8. Trey Metoyer, 2011 (No. 21 overall) – Metoyer’s road at Oklahoma was a rocky one before he eventually fell off the rail. He didn’t qualify academically but started in 2012. He was benched after four games. The wide receiver has been arrested twice since then.

7. Gabe Lynn, 2009 (No. 20 overall) – After being rated as the No. 1 cornerback in the country, Lynn found a home as a safety with the Sooners – and he was one of the best. He made 116 tackles in his career and picked off four passes during his senior season.

6. Jermie Calhoun, 2008 (No. 19 overall) – A five-star running back coming in on the tail of Adrian Peterson and considered one of the best since, Calhoun redshirted his first year before being stuck behind DeMarco Murray as a sophomore. He transferred to Angelo State in 2011 after just 220 yards in 12 games.

5. Joe Mixon, 2014 (No. 18 overall) – Mixon’s legacy is still to be written as the No. 1 running back in the 2014 recruiting class. He was suspended for his freshman season after a late-night altercation with a female student that ended in a misdemeanor charge being brought against Mixon.

4. Jamarkus McFarland, 2009 (No. 11 overall) – In a loaded class, McFarland was the No. 3 rated defensive tackle despite nearly cracking the top 10 overall. His recruitment was a point of contention in Texas, and his career with the Sooners lacked real punch. He finally started in his senior season, recording 28 tackles – six for loss. He went undrafted.

3. DeMarcus Granger, 2005 (No. 9 overall) – The cousin of former Indiana Pacers star Danny Granger, he struggled through a injury-plagued career and was arrested after his sophomore season. He missed the BCS championship during his junior year and his entire senior season in 2009 because of injury. Granger finished his career with 78 tackles as a defensive tackle and never lived up to his on-the-field expectations because of off-the-field hurdles.

2. Justin Johnson, 2008 (No. 7 overall) – Johnson came to Oklahoma with Calhoun as the Sooners corralled two of the top three running backs in the country. Another running back stuck behind Murray, Johnson played just one season at Oklahoma before transferring to Abilene Christian.

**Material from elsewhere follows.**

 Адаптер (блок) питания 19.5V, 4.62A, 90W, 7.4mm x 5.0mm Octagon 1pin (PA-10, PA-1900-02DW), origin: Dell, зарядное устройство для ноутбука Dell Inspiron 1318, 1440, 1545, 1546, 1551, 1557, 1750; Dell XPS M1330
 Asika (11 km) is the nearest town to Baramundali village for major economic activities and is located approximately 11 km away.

1. Gerald McCoy, 2006 (No. 4 overall) – From the start, the Oklahoma City-native McCoy was a game-changing defensive tackle. He was the Big 12 Defensive Freshman of the Year after taking a redshirt. He was a First-Team All-American and the Big 12 Defensive Player of the Year as a redshirt sophomore. He came back to Norman despite being a highly touted NFL prospect. He was an All-American again and was draft third overall after 14 ½ career sacks at Oklahoma by the Tampa Bay Buccaneers, where he has been named to three-straight All-Pro teams.

Top 10 Low-rated prospects

Could Samaje Perine be a part of this list soon? Maybe. He was a three-star recruit out of high school. These guys had three or fewer stars in the Scout database.

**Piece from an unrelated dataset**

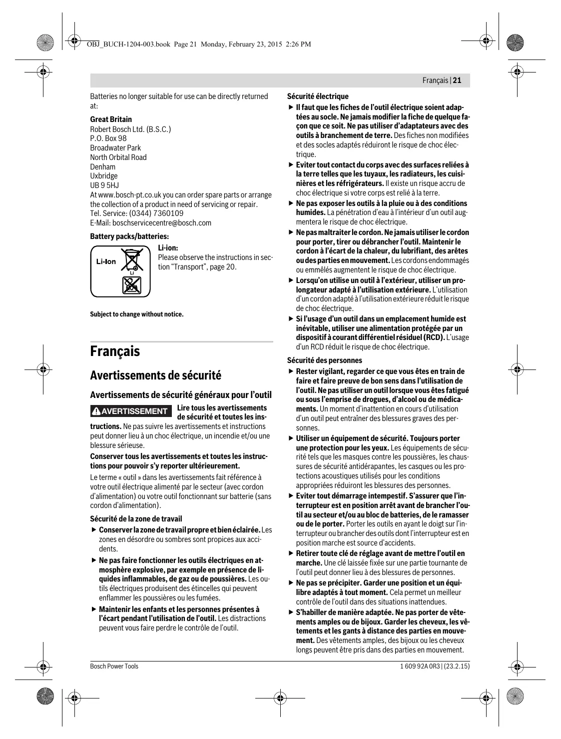 Il faut que les fiches de l’outil électrique soient adaptées au socle. Ne jamais modifier la fiche de quelque façon que ce soit. Ne pas utiliser d’adaptateurs avec des outils à branchement de terre. Des fiches non modifiées et des socles adaptés réduiront le risque de choc électrique. Eviter tout contact du corps avec des surfaces reliées à la terre telles que les tuyaux, les radiateurs, les cuisinières et les réfrigérateurs. Il existe un risque accru de choc électrique si votre corps est relié à la terre. Ne pas exposer les outils à la pluie ou à des conditions humides. La pénétration d’eau à l’intérieur d’un outil augmentera le risque de choc électrique. Ne pas maltraiter le cordon. Ne jamais utiliser le cordon pour porter, tirer ou débrancher l’outil. Maintenir le cordon à l’écart de la chaleur, du lubrifiant, des arêtes ou des parties en mouvement. Les cordons endommagés ou emmêlés augmentent le risque de choc électrique. Lorsqu’on utilise un outil à l’extérieur, utiliser un prolongateur adapté à l’utilisation extérieure. L’utilisation d’un cordon adapté à l’utilisation extérieure réduit le risque de choc électrique. Si l’usage d’un outil dans un emplacement humide est inévitable, utiliser une alimentation protégée par un dispositif à courant différentiel résiduel (RCD). L’usage d’un RCD réduit le risque de choc électrique. Sécurité des personnes Rester vigilant, regarder ce que vous êtes en train de faire et faire preuve de bon sens dans l’utilisation de l’outil. Ne pas utiliser un outil lorsque vous êtes fatigué ou sous l’emprise de drogues, d’alcool ou de médicaments. Un moment d’inattention en cours d’utilisation d’un outil peut entraîner des blessures graves des personnes. Utiliser un équipement de sécurité. Toujours porter une protection pour les yeux. Les équipements de sécurité tels que les masques contre les poussières, les chaussures de sécurité antidérapantes, les casques ou les protections acoustiques utilisés pour les conditions appropriées réduiront les blessures des personnes. Eviter tout démarrage intempestif. S’assurer que l’interrupteur est en position arrêt avant de brancher l’outil au secteur et/ou au bloc de batteries, de le ramasser ou de le porter. Porter les outils en ayant le doigt sur l’interrupteur ou brancher des outils dont l’interrupteur est en position marche est source d’accidents. Retirer toute clé de réglage avant de mettre l’outil en marche. Une clé laissée fixée sur une partie tournante de l’outil peut donner lieu à des blessures de personnes. Ne pas se précipiter. Garder une position et un équilibre adaptés à tout moment. Cela permet un meilleur contrôle de l’outil dans des situations inattendues. S’habiller de manière adaptée. Ne pas porter de vêtements amples ou de bijoux. Garder les cheveux, les vêtements et les gants à distance des parties en mouvement. Des vêtements amples, des bijoux ou les cheveux longs peuvent être pris dans des parties en mouvement. 1 609 92A 0R3 | (23.2.15)

10. Gabe Ikard, 2009 – After coming to Oklahoma as a tight end prospect in high school, Ikard played two positions on the Sooners’ line before being named to the All-Big 12 team as a senior. Ikard, who was the Academic All-American of the Year in 2013, possessed unmatched leadership, and he was a pivotal piece for Oklahoma. He is currently starting at center for the Tennessee Titans even after being undrafted.

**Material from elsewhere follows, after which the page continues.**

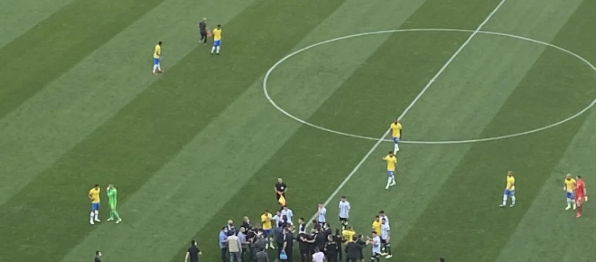 Agentes da Agência Nacional de Vigilância Sanitária (Anvisa) entraram no gramado da Neo Química Arena e interromperam a partida entre Brasil e Argentina pelas Eliminatórias da Copa do Mundo. A intenção foi impedir que os quatro atletas argentinos que vieram da Inglaterra e não cumpriram quarentena jogassem contra a seleção brasileira no domingo (5). Diante da intervenção com o jogo em andamento, a seleção argentina abandonou o gramado e se dirigiu para o vestiário.

9. Frank Alexander, 2006 – Alexander took a redshirt as a freshman and became an immediate impact player. He started at least four games every season, and Alexander finished with 32 tackles for loss and 15.5 sacks during his final two seasons at Oklahoma to become the AP Big 12 Player of the Year after his senior season. He parlayed that into a fourth-round selection in the NFL Draft and is still with the Carolina Panthers.

8. Aaron Colvin, 2010 – Another unrated, Oklahoma-grown prospect, the cornerback known as ‘Slick’ started at least 10 games in each of the final three years of his Oklahoma career. Colvin had four interceptions during his junior season, which culminated in an All-Big 12 selection. Despite a torn ACL in the senior bowl, he was drafted in the fourth round by the Jacksonville Jaguars.

7. Trey Millard, 2010 – Recruited as a middle linebacker, Millard’s full contribution to Oklahoma cannot be measured with statistics. He was the heart of the team from the time he stepped on campus and might go down as the most loved Sooner of all time. Full of nothing but desire, Millard is currently playing with the San Francisco 49ers.

6. Phil Loadholt, 2007 – Out of Garden City Junior College, Loadholt need just one season with the Sooners before going on to the NFL Draft, where he was taken in the second round by the Minnesota Vikings. He has remained the Vikings’ starter at right tackle since that day. With Loadholt as the Sooners’ left tackle in 2007, Oklahoma allowed a sack on less than three percent of its passing plays.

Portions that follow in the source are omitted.